Desiderio Garufo

Personal information
- Full name: Desiderio Michele Garufo
- Date of birth: 22 April 1987 (age 38)
- Place of birth: Grotte, Italy
- Height: 1.76 m (5 ft 9 in)
- Position(s): Right-back, Winger

Team information
- Current team: Akragas
- Number: 4

Senior career*
- Years: Team / Apps / (Gls)
- 2007–2009: Nissa
- 2009–2010: Sangiovannese / 33 / (3)
- 2010–2012: Taranto / 52 / (1)
- 2012–2013: Nocerina / 26 / (3)
- 2013–2014: Trapani / 33 / (0)
- 2014–2015: Novara / 25 / (1)
- 2015–2016: Catania / 24 / (0)
- 2016–2018: Parma / 8 / (0)
- 2018–2019: Trapani / 9 / (0)
- 2019–2021: Reggina / 22 / (1)
- 2020–2021: → Catanzaro (loan) / 24 / (1)
- 2021–2022: Canicattì
- 2022–2023: Akragas
- 2023: Pro Favara
- 2023–: Akragas / 2 / (0)

= Desiderio Garufo =

Italian footballer (born 1987)

Desiderio Michele Garufo (born 22 April 1987) is an Italian professional footballer who plays for Serie D club Akragas.

==Biography==
Born in Grotte, Sicily, Garufo started his career at Nissa. He won Eccellenza Sicily with team in 2008 (Italian sixth level until 2014). Garufo scored 10 goals in 2008–09 Serie D, Italian fifth level and top level of amateur football. In 2009 Garufo was signed by Lega Pro 2nd Division club Sangiovannese (Italian fourth level). The club was the losing side of the promotion playoffs. Garufo was a substitute and starting right midfielder in 4-3-2-1 formation respectively.

===Taranto===
Garufo moved to Italian third level for Taranto in 2010. The club entered the promotion playoffs, losing to Atletico Roma. Garufo was the wingback in the 3-4-3 formation in the first leg.

Garufo remained for the club for 2011–12 season. However the club folded despite finished as the losing side of promotion playoffs again.

===Nocerina===
On 3 July 2012, he was signed by another third division club Nocerina. The club also finished as the losing side of promotion playoffs of 2012–13 L.P. Prime Div. season. Garufo was the right-back and right midfielder respectively in 4-3-3 formation in the first and second legs.

===Trapani===
On 1 July 2013, Garufo was signed by Serie B club Trapani on a free transfer. He wore the number 2 shirt. Garufo made his competitive debut for the club in Italian Cup as right-back.

===Novara===
On 1 August 2014, Garufo was signed by Lega Pro club Novara in a two-year contract.

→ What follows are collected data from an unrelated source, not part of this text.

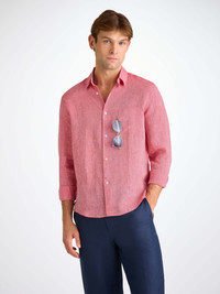 The Monaco shirt in red features a curved back yoke with a box-pleat for comfort and a curved hem with side vents for ease of movement. We've used the classic styling of a button-through front and cuffs, a 2-piece collar and for a modern addition, we've added a U-shaped breast pocket with a handy sunglass loop for effortless summer chic. For a final touch of luxe, the shirt is finished with mother of pearl buttons throughout and our minimalist rose logo label at the hem. There's also a handy 'locker' loop on the back for you to hang your shirt up when changing. We have developed this Italian fabric to be a lightweight, beautifully soft and breathable pure linen that will keep you cool and comfortable in even the hottest of conditions. This men's shirt is designed for a regular fit. The model is 6’2’’ / 188.5cm tall. He wears a size Medium. PRODUCT DETAILS Material: Pure Linen Fabric Weight: Light Fabric Type: Regular Gender: Men's Colour: Red Pattern: Plain Sleeve Length: Long Sleeve Season: 25-W Country of Origin: Czech Republic Composition: 100% Linen Fit: Regular Fit Item Number: 9820-MONA001RED
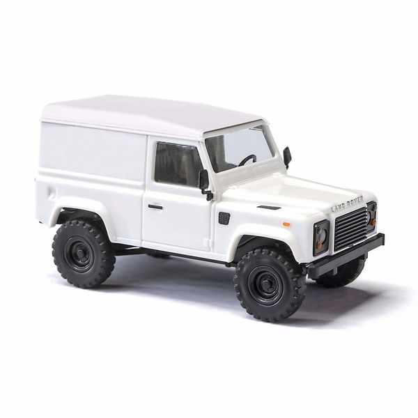 Bei dem Busch-Modell handelt es sich um den Defender 90 County Station Wagon (CSW), der fortan als kleines Kraftpaket in unwegsamen H0-Modelllandschaften über Stock und Stein fährt. Scharfe Konturen und detailreiche Features machen aus dem groben kantigen Klotz ein richtiges Schmuckstück. Auch die charakteristische Sitzanordnung der Innenausstattung ist vorbildgerecht wiedergegeben, ebenso wie das andersfarbige Dach. Die Frontansicht des Modells wird beherrscht durch die große schwarze Kühlermaske, in der helle transparente Scheinwerfer in Klarglasoptik sowie feinste transparente Blinker eingesetzt sind. Die grobstolligen Reifen und typgerechten Felgen perfektionieren das markante Erscheinungsbild. Mit diesem Modell erhält die Busch-Geländewagen-Collection ein weiteres Highlight an geländegängigen Fahrzeugen mit Kultstatus.
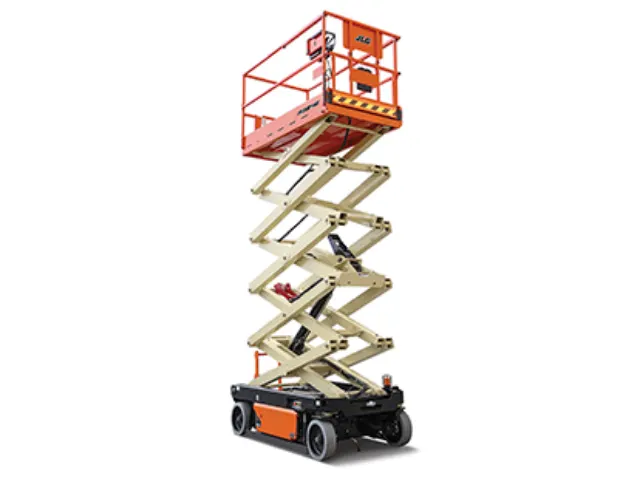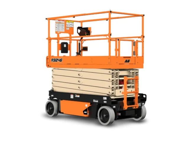La JLG R3246 es una plataforma de tijera eléctrica con altura máxima de trabajo de 11.7 metros y capacidad de carga de 320 kg. Su diseño más ancho ofrece mayor estabilidad, mientras que su estructura compacta permite desplazarse por espacios interiores y exteriores con superficie firme.

After the club promoted to Serie B, Garufo wore the number 17 shirt, the traditional back luck number. He did not play in the opening match of 2015–16 Serie B. On 16 September he was sold back to Lega Pro, the third division of Italian football pyramid.

===Catania===
On 16 September 2015, Garufo and Bergamelli were sold to Catania in two-year contracts. He played 23 games for the club in Lega Pro C, contributing with 4 assists. He also featured in one game in the Italian Cup.

===Parma===
On 13 July 2016, Garufo was signed on a free transfer by Parma in a two-year contract. He was assigned the number 15 shirt. He made his debut on 7 August 2016 in a Coppa Italia Lega Pro game against Piacenza, playing as a right midfielder in a 3-5-2 formation.

===Trapani===
On 29 August 2018, he re-joined Trapani on a free transfer.

===Reggina===
On 21 August 2019, he signed a one-year contract with Reggina.

===Catanzaro===
On 29 September 2020, he moved to Serie C club Catanzaro. Catanzaro reported the transfer as a loan, while Reggina reported a permanent transfer.

===Canicattì===
On 8 October 2021, he joined an amateur side Canicattì.